§ Task brief:
Leave the pictures out. Retype exactly the lines below from the one containing "The contents include" through the one containing "大師は亡くなってからは鬼とな", and no others.

Provided data Start Marker

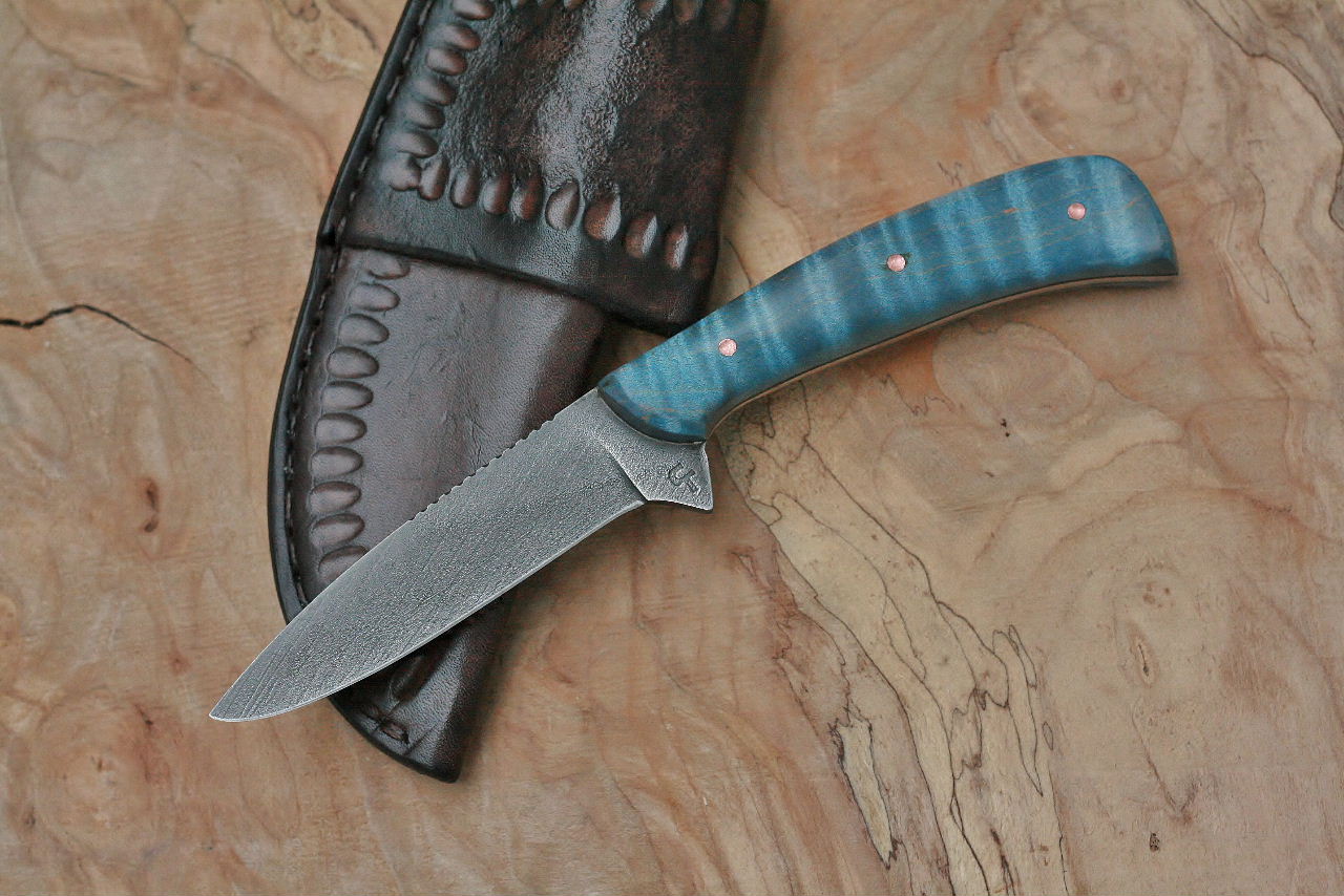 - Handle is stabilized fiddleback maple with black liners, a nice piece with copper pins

Provided data End Marker
Provided data Start Marker

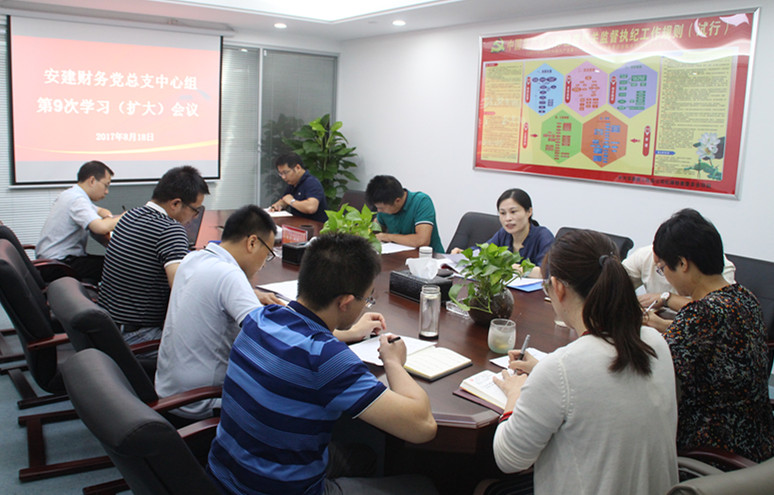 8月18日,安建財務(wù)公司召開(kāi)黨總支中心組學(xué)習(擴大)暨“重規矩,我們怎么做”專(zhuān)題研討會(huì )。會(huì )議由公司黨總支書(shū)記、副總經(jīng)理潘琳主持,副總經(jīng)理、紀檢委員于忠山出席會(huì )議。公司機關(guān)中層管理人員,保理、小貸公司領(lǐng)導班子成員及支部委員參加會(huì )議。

Provided data End Marker
Provided data Start Marker

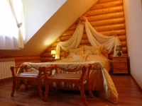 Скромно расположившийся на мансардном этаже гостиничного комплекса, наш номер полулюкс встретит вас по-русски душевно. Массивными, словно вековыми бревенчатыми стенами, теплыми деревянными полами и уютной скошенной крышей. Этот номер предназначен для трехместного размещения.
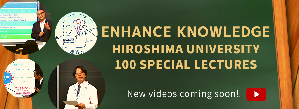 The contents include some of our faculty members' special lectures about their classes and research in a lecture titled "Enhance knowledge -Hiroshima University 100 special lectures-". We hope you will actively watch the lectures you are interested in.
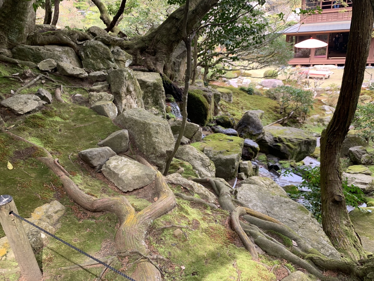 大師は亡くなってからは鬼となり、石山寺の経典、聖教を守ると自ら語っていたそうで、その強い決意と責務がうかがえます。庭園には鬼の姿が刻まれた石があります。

Provided data End Marker

§ Worked solution:
 The contents include some of our faculty members' special lectures about their classes and research in a lecture titled "Enhance knowledge -Hiroshima University 100 special lectures-". We hope you will actively watch the lectures you are interested in.
 大師は亡くなってからは鬼となり、石山寺の経典、聖教を守ると自ら語っていたそうで、その強い決意と責務がうかがえます。庭園には鬼の姿が刻まれた石があります。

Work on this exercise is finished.